I realize that a lot of the questions I'm asking are subjective questions, but I'm wondering if I'm a little in over my head. I'm in the process of writing out my resume and I figured I'd send it around to interesting restaurants, and whatever strikes me online (via monster.com/philly job search), but is there a better way to go about this? 

- thanks for the help.


----------



## zen!!! (Jan 21, 2005)

Hey,

I was in your same position a few years ago. 25, BA in English, etc...

As far as I know, a lot of culinary schools have rolling admissions, meaning that you can apply whenever for their earliest start date. I was looking into culinary school for quite some time, and that's what I found.

I'm currently cooking the line in a casual fine dining restaurant in Boston. I started out just sort of interning for free. I worked two nights for no money. I knew very little about the workings of a professional kitchen, but I did quite a bit of cooking at home.

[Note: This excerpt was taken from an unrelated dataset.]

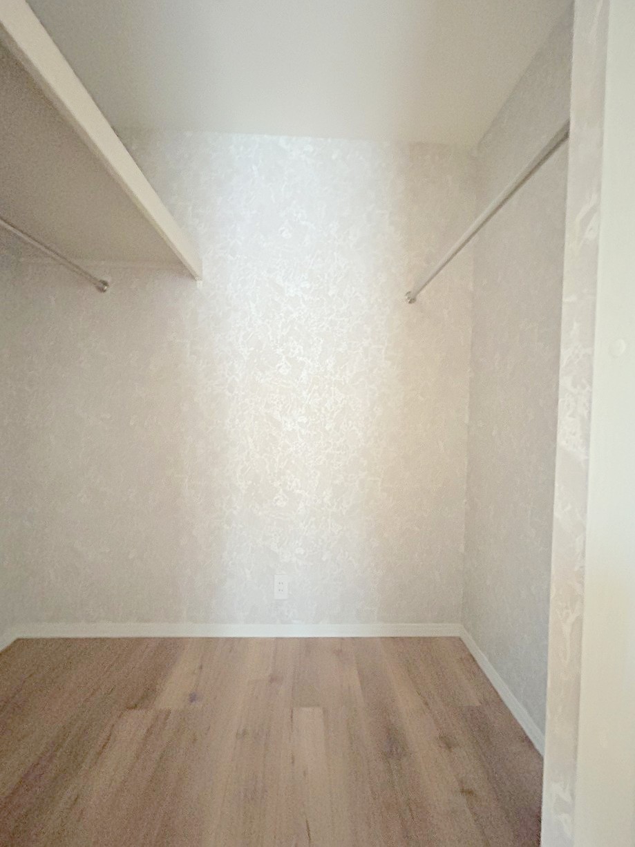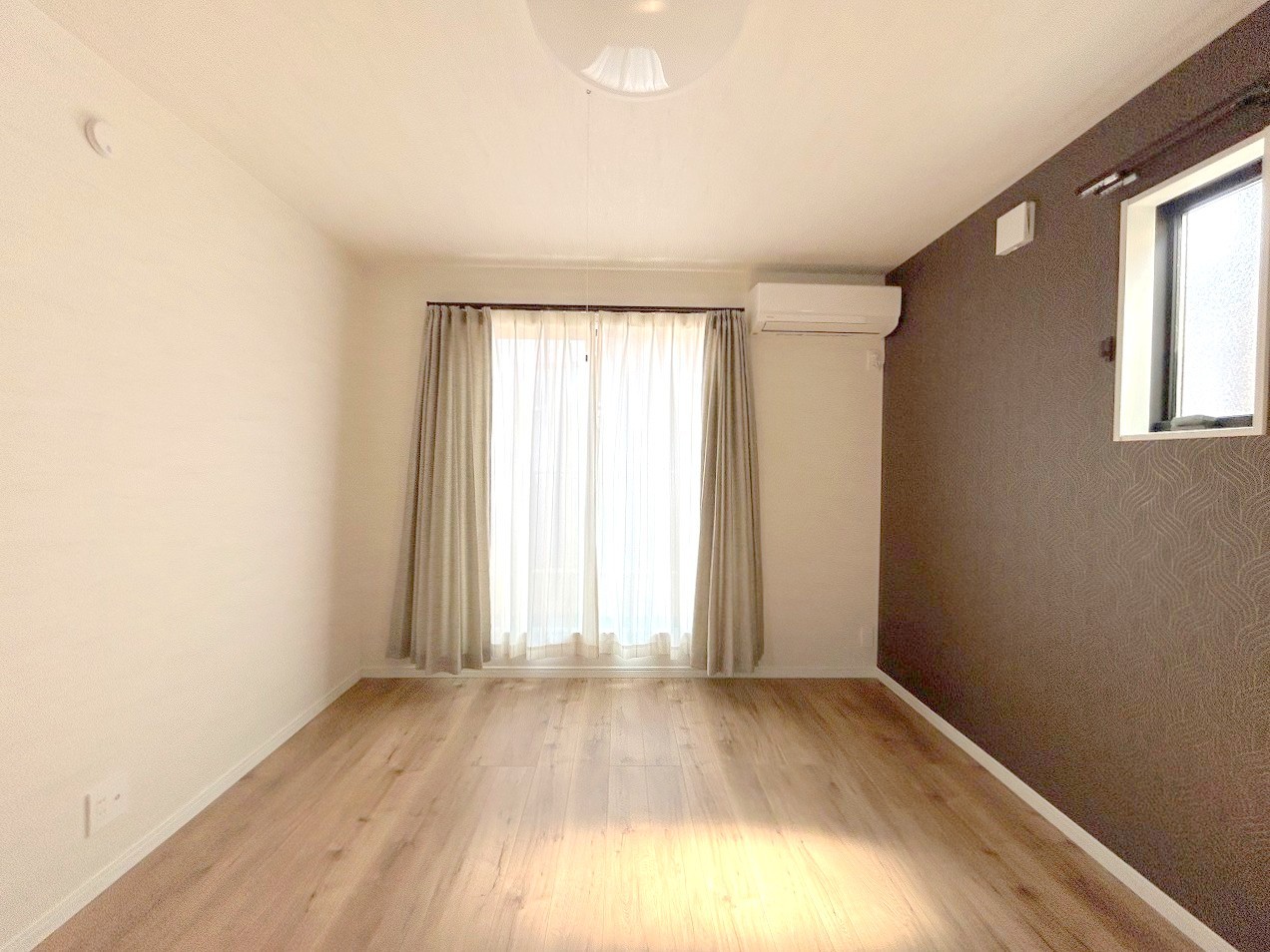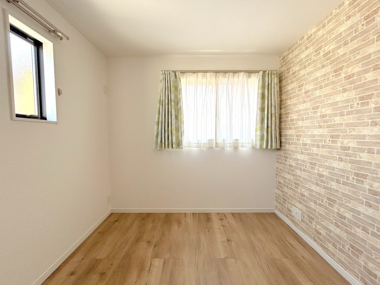 ベースカラーと異なった配色の壁紙を使用。ちょっとお部屋の雰囲気が変わります。

The put me on Garde Manger right off the bat. I knwo I completely lucked out, but after about two months of working for free, they started paying me. Now I'm quitting my relatively cushy desk job (my last day is next friday), and they're moving me to the hot line. WOOT!

Everyone in my kitchen, including the guys who have been to school tell me not to go to school in the States. They tell me that it's kind of a waste of time and you can learn all of that kind of stuff on the line. 

Being that my goal is to eventually open up my own restaurant, I feel like that little piece of paper might be somewhat reassuring to potential investors. So, my current plan is to stay at my restaurant for at least a year, maybe two, moving around stations. When I feel like I've plateaued my learning there, I'm planning to go to school in Paris, not only to be trained at one of the best schools on the planet LCB, but also so I can get that internship at a restaurant in Europe. I hope to cook around europe for a few years as well before coming back. 

But back to where you should be applying... From what I can tell, the easiest positions to slide into are the garde manger positions (as they seem to be the highest stress and have the biggest mise en place-s) and dessert plating positions. I think from there, you can either move up or move from restaurant to restaurant. I also find that a lot of restaurant postings on craigslist. That's where everyone I know looks for their next job. Also, in Boston, we have a website called bostonchefs.com that has restaurant job listings as well.

Anyhow, I hope this helped. Let me know if you have any more questions. Cheers and good luck.

ZEN!!!


----------